Shiels C, Hutchinson A, Eccles M, Gardiner E, Smoljanovic L
Department of Public Health Medicine, University of Hull, UK.
J Eval Clin Pract. 1996 Nov;2(4):265-71. doi: 10.1111/j.1365-2753.1996.tb00056.x.
Severity-of-illness measurement is considered to be an important factor in the risk adjustment of medical outcomes. However, for those measures that involve a high level of clinical judgment, strategies have to be developed to maximize the consistency of rating severity that can be implemented, especially when rating is based upon medical record review. A group of 25 clinicians were sent the same set of 14 patient records, and requested to use the Duke University Severity of Illness (DUSOI) checklist to rate the severity of patients' illness. Written instructions for the use of this instrument were provided. A short educational intervention was than made by the research team, and the clinicians were sent the same set of records to be rated again. Any improvement in the accuracy and reliability of severity assessment over the two ratings was then studied. The educational intervention resulted in identification of fewer irrelevant health problems. However, it had little impact upon the reliability of severity scoring itself, as measured by the intraclass correlation coefficient. Measuring severity of illness is a conceptually complex procedure. However, given its role in outcome interpretation, it may be worth pursuing strategies aimed at maximizing consistency of clinician rating. There are a number of options, including improved written instructions and more intensive training, that could be implemented.

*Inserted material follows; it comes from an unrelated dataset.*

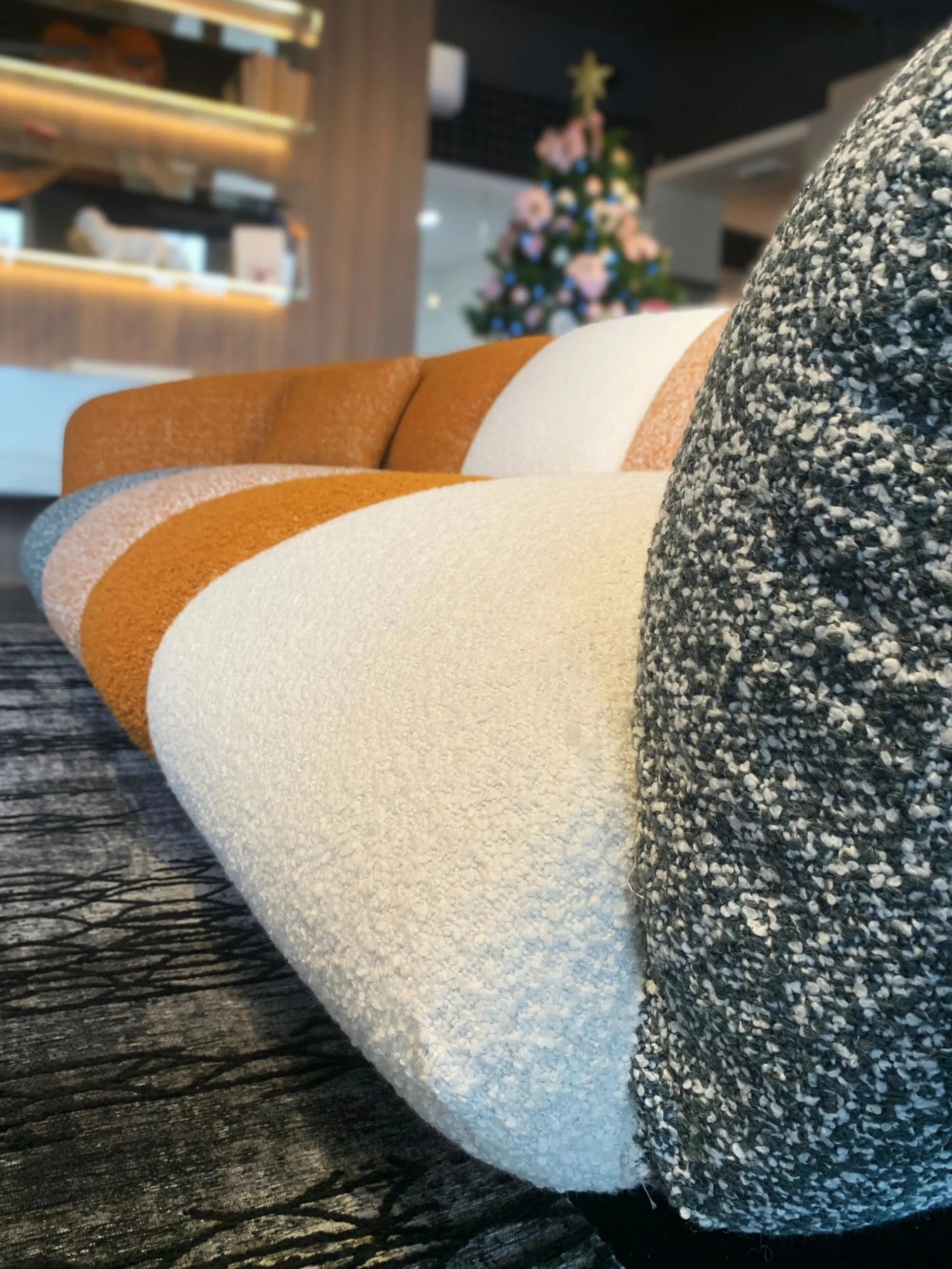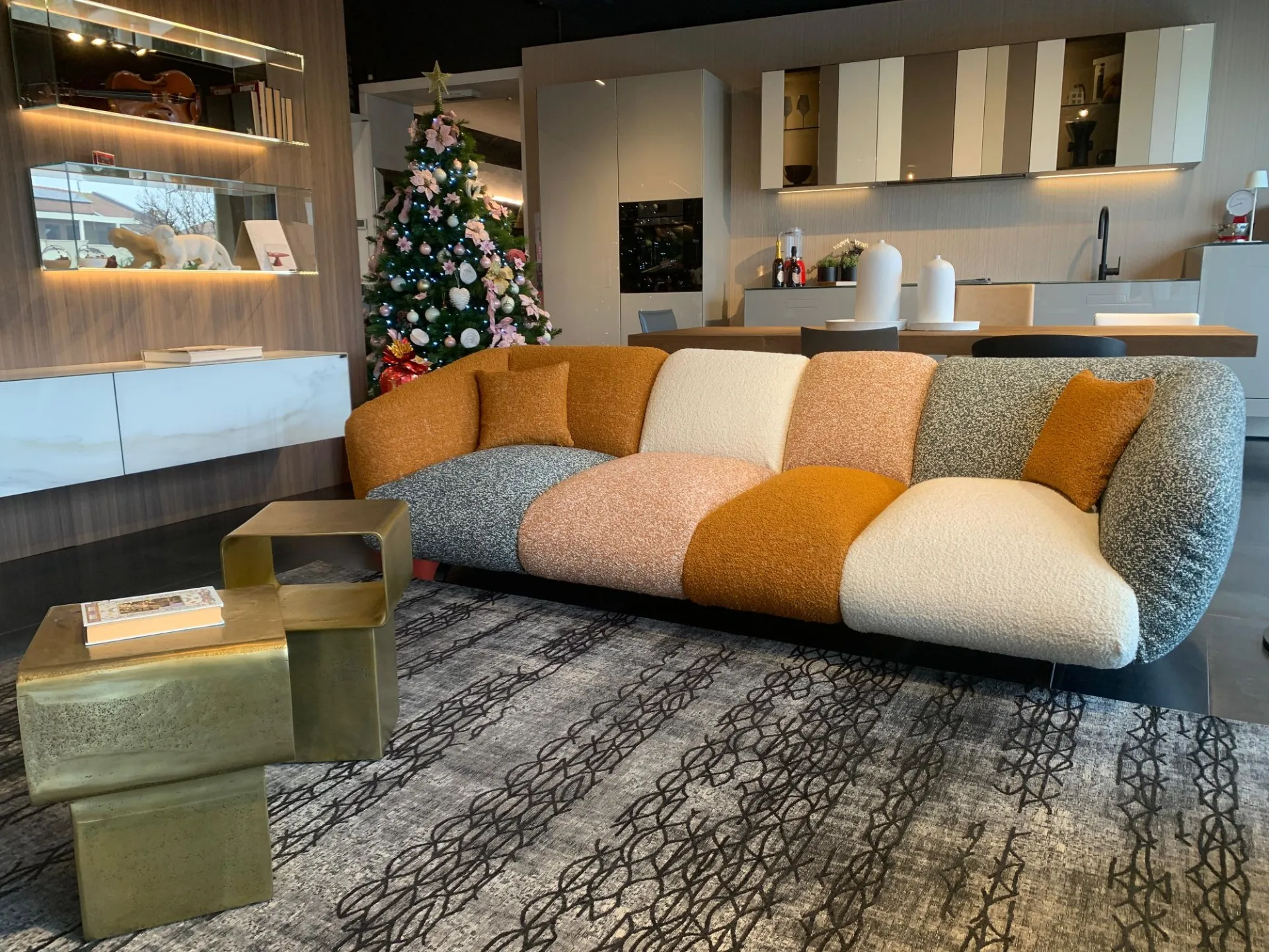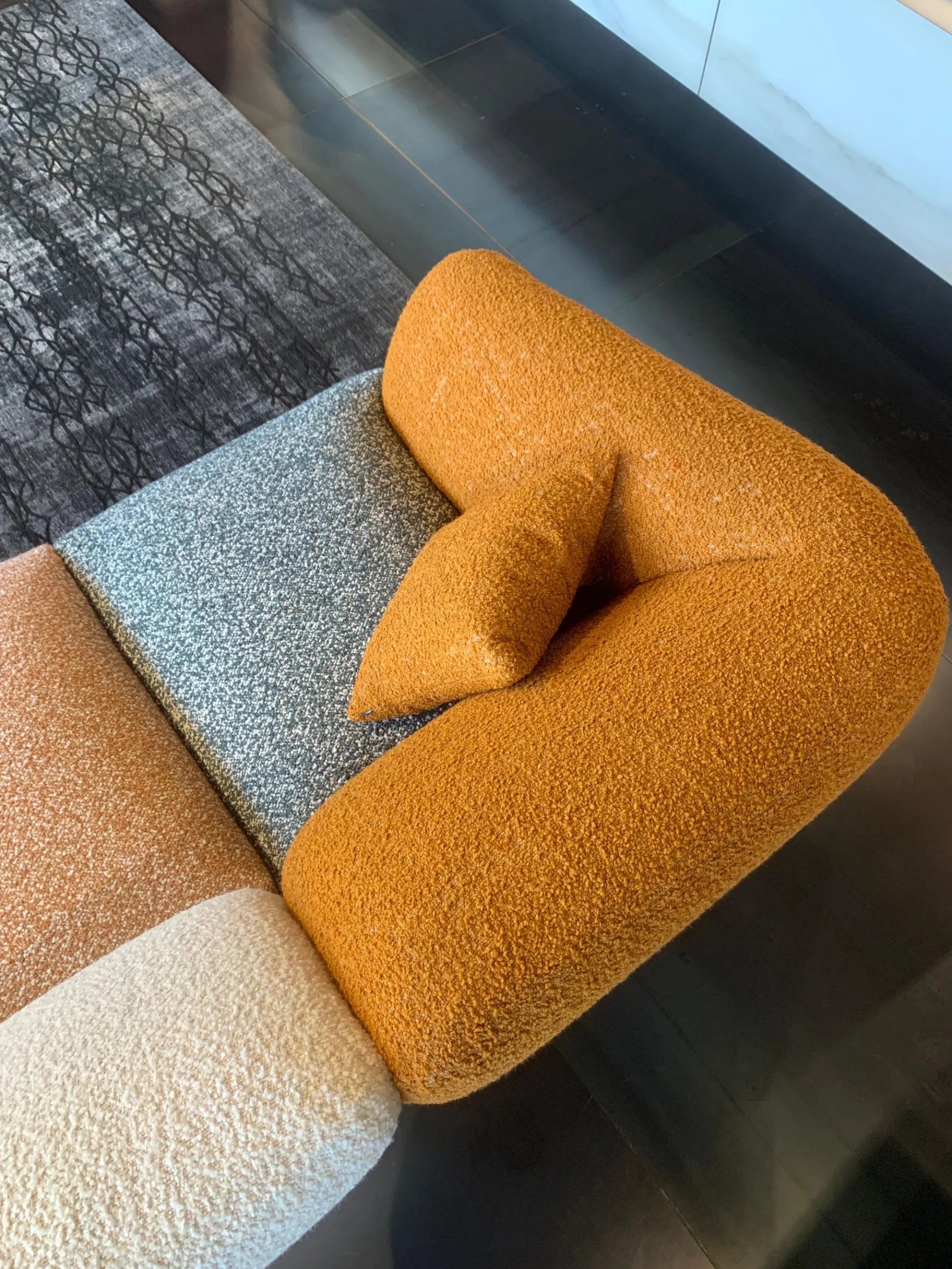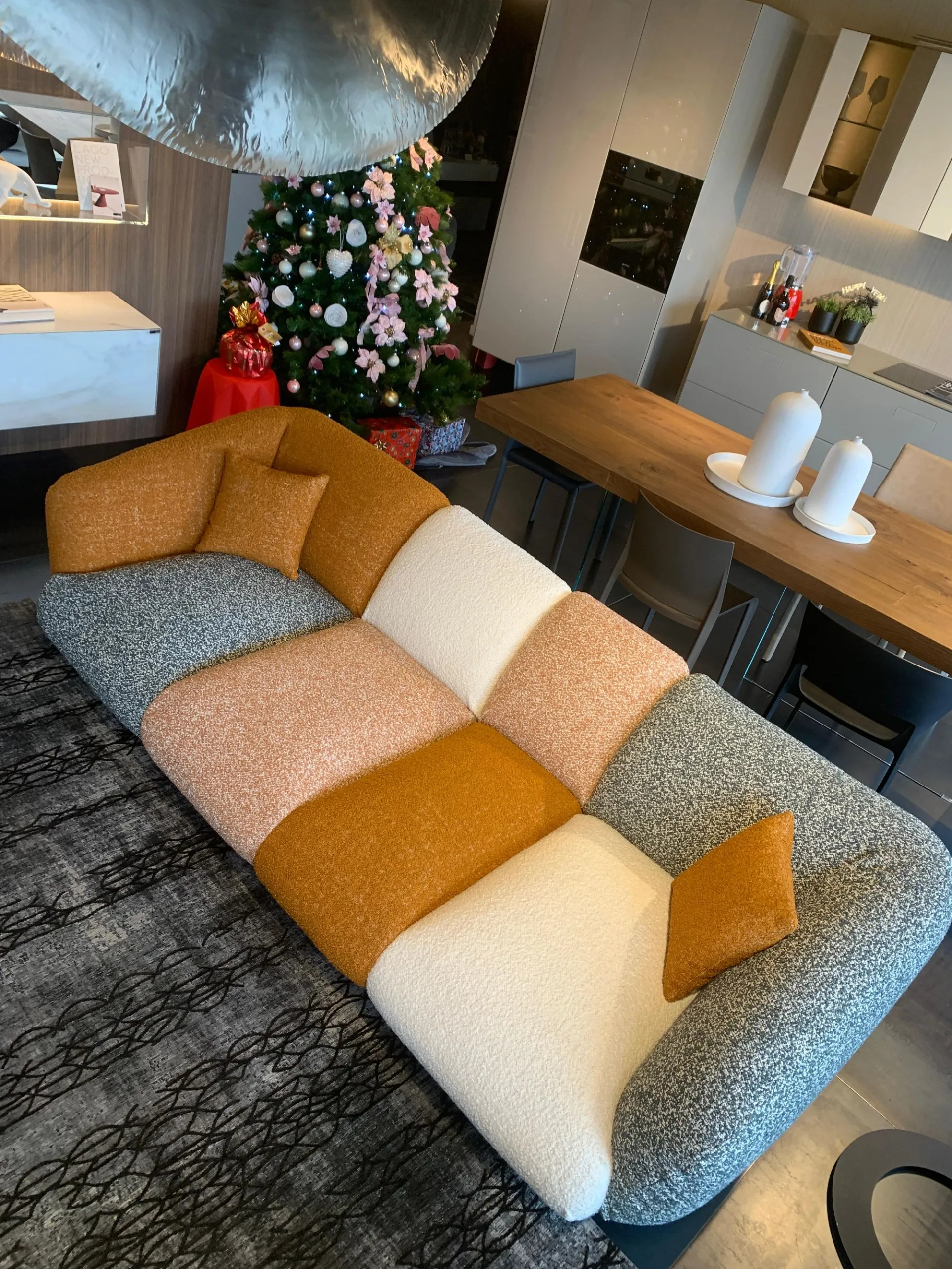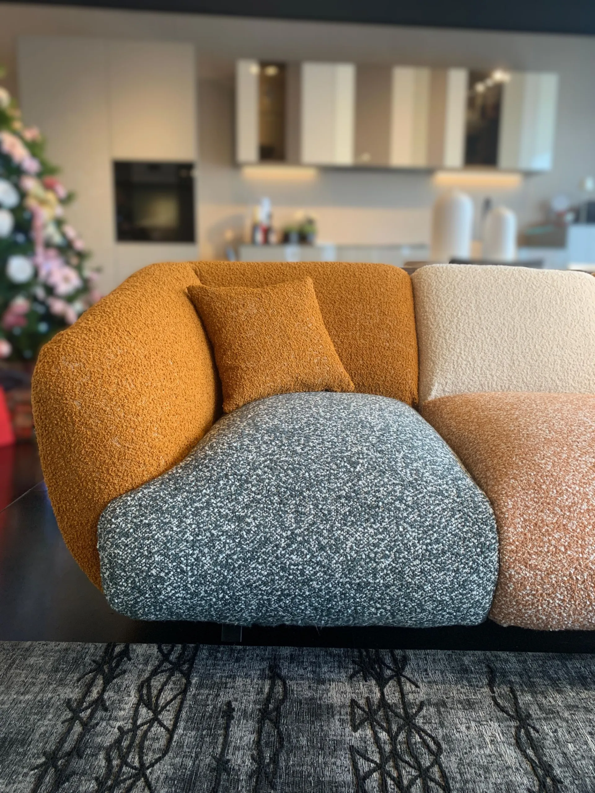PRODUCT: Linear fixed sofa COMPANY: Lago MODEL: NOW - Not Only White FINISH: Wooden frame, Upholstery in polyurethane with different densities, Memory Foam and Polyester Fiber. Metal legs. Covering in COLOR MOOD ENERGY fabric: Fabrics cat C: Vellus V09, Vellus V13, Tresigallo T08, Tresigallo T01 Includes Flying Cushions: 2 cushions in fiber 36.8x36.8 in fabric Tresigallo T08 The sofa is completely removable. DIMENSIONS: L 269W 109 H 75 approx. CM LIST PRICE: € 10,858.00 DISCOUNT: 36% DISCOUNTED PRICE: € 6,900.00

疾病严重程度测量被认为是医疗结果风险调整中的一个重要因素。然而,对于那些涉及高水平临床判断的测量方法,必须制定策略以最大限度地提高可实施的严重程度评级的一致性,尤其是在基于病历审查进行评级时。一组25名临床医生收到了相同的14份患者病历,并被要求使用杜克大学疾病严重程度(DUSOI)检查表对患者的疾病严重程度进行评级。提供了该工具的使用书面说明。然后研究团队进行了简短的教育干预,之后再次向临床医生发送相同的病历集让他们进行评级。接着研究了两次评级中疾病严重程度评估的准确性和可靠性是否有任何提高。教育干预使得识别出的无关健康问题减少。然而,通过组内相关系数衡量,它对严重程度评分本身的可靠性影响不大。测量疾病严重程度是一个概念上复杂的过程。然而,鉴于其在结果解释中的作用,可能值得采取旨在最大限度提高临床医生评级一致性的策略。有许多选项可供实施,包括改进书面说明和更强化的培训。